When using triangular weights, we can see that this does better than using all the points.
n <- 200
h <- 3
X <- runif(n, -5, 0)
Y <- 5 - 3*X + .6 * X^2 + .3 * X^3 + 15 * sin(X) + rnorm(n, sd = 4)
weight <- 1 - abs(X) / 5
# We don't include a bandwidth, but instead use triangular weights
fit.mod <- lm(Y~X)
fit.mod.weights <- lm(Y~X, weights = weight)
fit.mod.bandwidth <- lm(Y~X, subset = abs(X) < h)
plotColor <- ifelse(abs(X) > h, "gray", "red")
plot(X, Y, ylim = c(-15, 30), xlim = c(-5, 1), col = plotColor)
abline(v = 0, col = "gray", lwd = 2)
segments(-h, predict(fit.mod.bandwidth, newdata = data.frame(X = -h)),
0, predict(fit.mod.bandwidth, newdata = data.frame(X = 0)),col = "blue",
lwd = 2)
# Fit from weighted least squares
segments(-5, predict(fit.mod.weights, newdata = data.frame(X = -h)),
0, predict(fit.mod.weights, newdata = data.frame(X = 0)),col = "green",
lwd = 2)
# Fit from ordinary least squares
segments(-5, predict(fit.mod, newdata = data.frame(X = -h)),
0, predict(fit.mod, newdata = data.frame(X = 0)),col = "purple",
lwd = 2)
points(0, 5, pch = 18, col = "orange", cex = 3)
points(0, predict(fit.mod.bandwidth, newdata = data.frame(X = 0)), col = "blue", pch = 19)
points(0, predict(fit.mod.weights, newdata = data.frame(X = 0)), col = "green", pch = 19)
points(0, predict(fit.mod, newdata = data.frame(X = 0)), col = "purple", pch = 19)
In practice, we can combine both a hard thresholding bandwidth as well as triangular weights (within the bandwidth)
# bandwidth
h <- 3
n <- 200
X <- runif(n, -5, 0)
Y <- 5 - 3*X + .6 * X^2 + .3 * X^3 + 15 * sin(X) + rnorm(n, sd = 4)

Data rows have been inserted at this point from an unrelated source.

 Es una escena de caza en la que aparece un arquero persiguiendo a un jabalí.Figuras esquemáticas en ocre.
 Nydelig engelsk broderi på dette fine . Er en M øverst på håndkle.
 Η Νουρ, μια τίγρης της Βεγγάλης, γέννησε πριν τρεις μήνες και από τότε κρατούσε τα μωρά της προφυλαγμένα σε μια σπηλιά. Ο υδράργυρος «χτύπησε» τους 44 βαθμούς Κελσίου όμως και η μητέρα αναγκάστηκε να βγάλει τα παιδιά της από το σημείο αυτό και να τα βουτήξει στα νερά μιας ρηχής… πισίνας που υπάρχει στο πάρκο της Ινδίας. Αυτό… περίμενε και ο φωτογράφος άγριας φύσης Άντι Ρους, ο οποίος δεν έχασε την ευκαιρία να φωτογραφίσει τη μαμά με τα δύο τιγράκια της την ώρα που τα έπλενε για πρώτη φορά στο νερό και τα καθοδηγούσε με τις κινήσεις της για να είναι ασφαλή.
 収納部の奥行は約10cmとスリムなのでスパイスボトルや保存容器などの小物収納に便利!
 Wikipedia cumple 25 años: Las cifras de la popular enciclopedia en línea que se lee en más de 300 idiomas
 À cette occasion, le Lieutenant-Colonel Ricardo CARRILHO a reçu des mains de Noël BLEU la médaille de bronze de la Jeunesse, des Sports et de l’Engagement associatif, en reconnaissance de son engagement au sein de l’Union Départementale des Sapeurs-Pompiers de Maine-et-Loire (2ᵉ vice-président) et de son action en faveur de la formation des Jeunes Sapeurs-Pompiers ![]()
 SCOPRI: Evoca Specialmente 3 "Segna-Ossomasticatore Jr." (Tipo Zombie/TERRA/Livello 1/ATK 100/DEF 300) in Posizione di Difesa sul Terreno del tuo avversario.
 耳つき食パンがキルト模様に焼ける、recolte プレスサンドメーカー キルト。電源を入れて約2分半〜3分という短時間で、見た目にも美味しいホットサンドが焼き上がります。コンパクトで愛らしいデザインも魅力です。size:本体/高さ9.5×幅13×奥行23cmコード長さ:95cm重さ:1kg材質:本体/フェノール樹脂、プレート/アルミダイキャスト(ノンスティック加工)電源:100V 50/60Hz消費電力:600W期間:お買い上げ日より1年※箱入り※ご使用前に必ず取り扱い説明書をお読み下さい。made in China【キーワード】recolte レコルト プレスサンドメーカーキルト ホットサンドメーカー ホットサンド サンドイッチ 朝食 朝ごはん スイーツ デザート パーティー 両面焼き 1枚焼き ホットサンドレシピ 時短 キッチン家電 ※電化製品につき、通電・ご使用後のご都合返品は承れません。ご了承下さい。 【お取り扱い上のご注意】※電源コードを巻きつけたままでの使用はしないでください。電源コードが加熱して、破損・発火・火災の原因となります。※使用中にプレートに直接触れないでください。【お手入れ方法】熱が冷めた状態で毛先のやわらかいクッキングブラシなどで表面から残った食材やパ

# weight is triangular within the bandwidth
weight <- ifelse(abs(X) < h, 1 - abs(X) / h, 0)
plot(X, weight, type = "p", main = "Triangular Weights")
13.13 RDD Analysis
Now let’s apply a regression discontinuity analysis to data. This example follows the analysis ``Randomization Inference in the Regression Discontinuity Design: An Application to Party Advantages in the U.S. Senate’’ by Cattaneo, Frandsen, and Titiunik (2015) and their replication file.

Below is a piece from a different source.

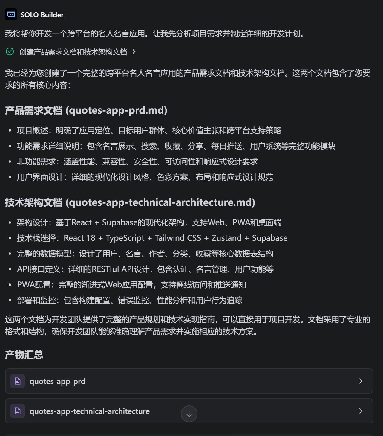 所以我决定让Trae帮我开发一个名人名言的网站,最好是能做成桌面小组件 ,在Windows上和Mac可以添加。 我知道一次性让他开发这么多是不可能滴,而且SOLO应该是更加擅长开发WEB应用。所以我们重点还是关注他开发网页的情况。
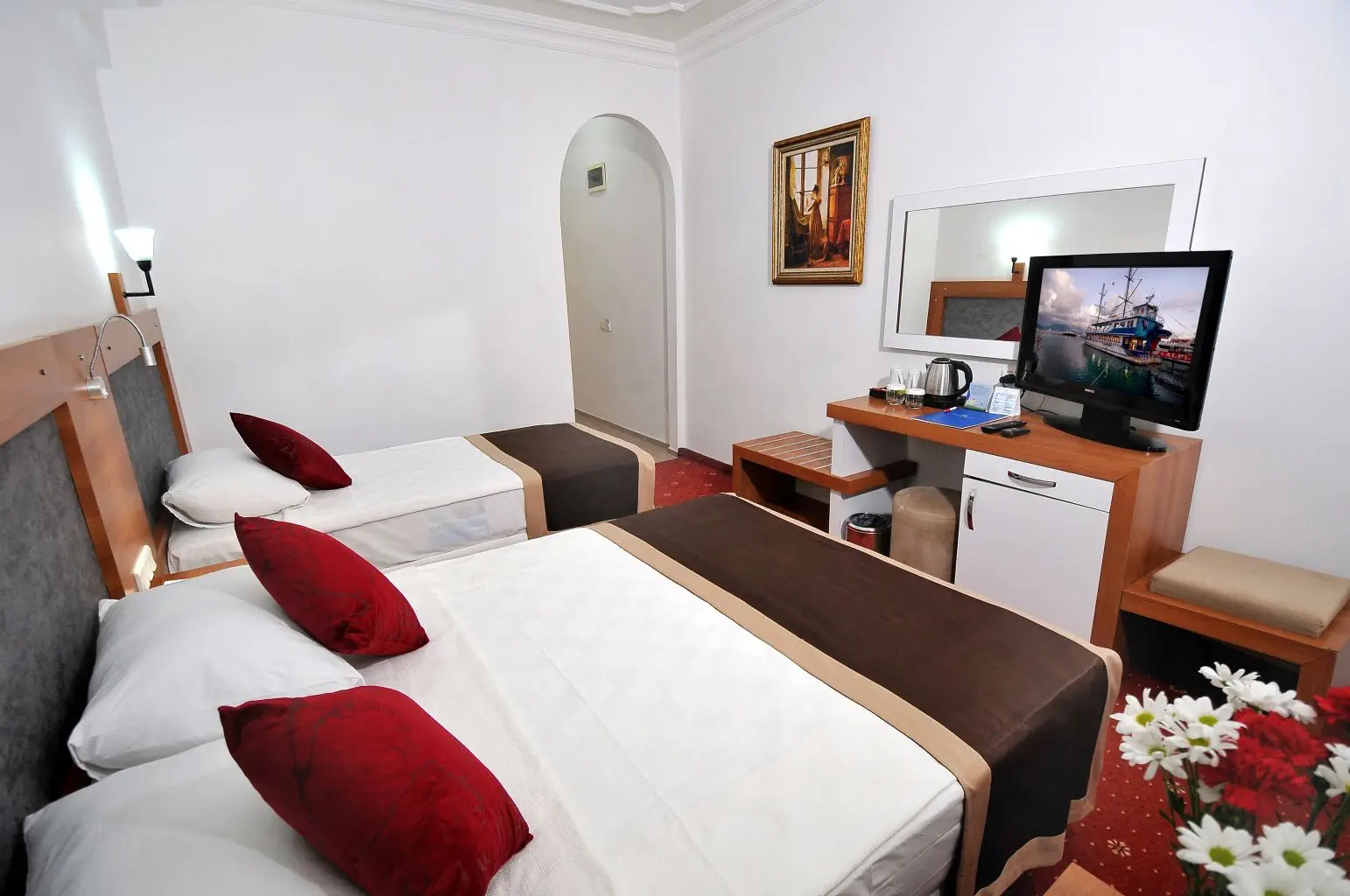 Dla max. 3 osób, Przestrzeń zewnętrzna: Balkon, Kanały telewizji: Angielski, Telefon w pokoju, wanna lub prysznic , Powierzchnia pokoju: ok. 20 - 22 m2, Rodzaj podłogi: wykładzina, Sprzątanie codziennie, 1 sypialnia, Maksymalna liczba osób dorosłych: 3, Maksymalna liczba dzieci: 2, Częściowy widok na morze, Liczba łazienek: 1, Liczba toalet: 1, Zestaw do parzenia kawy i herbaty, Klimatyzacja: Klimatyzacja indywidualna

Political scientists are interested in the effect of being an incumbent (the currently elected politician) on the share of votes in an election. Being the current public official means increased name recognition, fundraising opportunities, etc. On the other hand, being an incumbent means you can get blamed for all the bad things that have happened during your term.
The data we analyze considers US senators. Each state in the US has two senators with 6 year terms, and the election for each of the two senators alternates every 3 years. So for instance, there are two senate seats: A and B. In 2000 senate seat A undergoes an election, in 2003 senate seat B undergoes an election but senate seat A continues, in 2006 senate seat A undergoes an election but senate seat B continues on, etc.

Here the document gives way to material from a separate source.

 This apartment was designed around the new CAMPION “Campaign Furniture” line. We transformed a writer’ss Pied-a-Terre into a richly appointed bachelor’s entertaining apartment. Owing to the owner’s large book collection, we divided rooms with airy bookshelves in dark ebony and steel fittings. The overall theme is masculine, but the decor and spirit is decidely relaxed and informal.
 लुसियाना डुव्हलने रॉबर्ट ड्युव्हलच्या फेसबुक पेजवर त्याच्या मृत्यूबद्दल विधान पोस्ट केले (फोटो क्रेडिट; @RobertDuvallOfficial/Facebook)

We will look at the causal effect on being an incumbent in senate races in two different ways.First, does being an incumbent effect your vote share the next time you run for office? Second, if the other sitting senator is from your same party, what is the effect on your election share?
13.13.0.1 Question
- Consider the first question and draw out a causal diagram where the treatment is being an incumbent and the outcome of interest is vote share in an election.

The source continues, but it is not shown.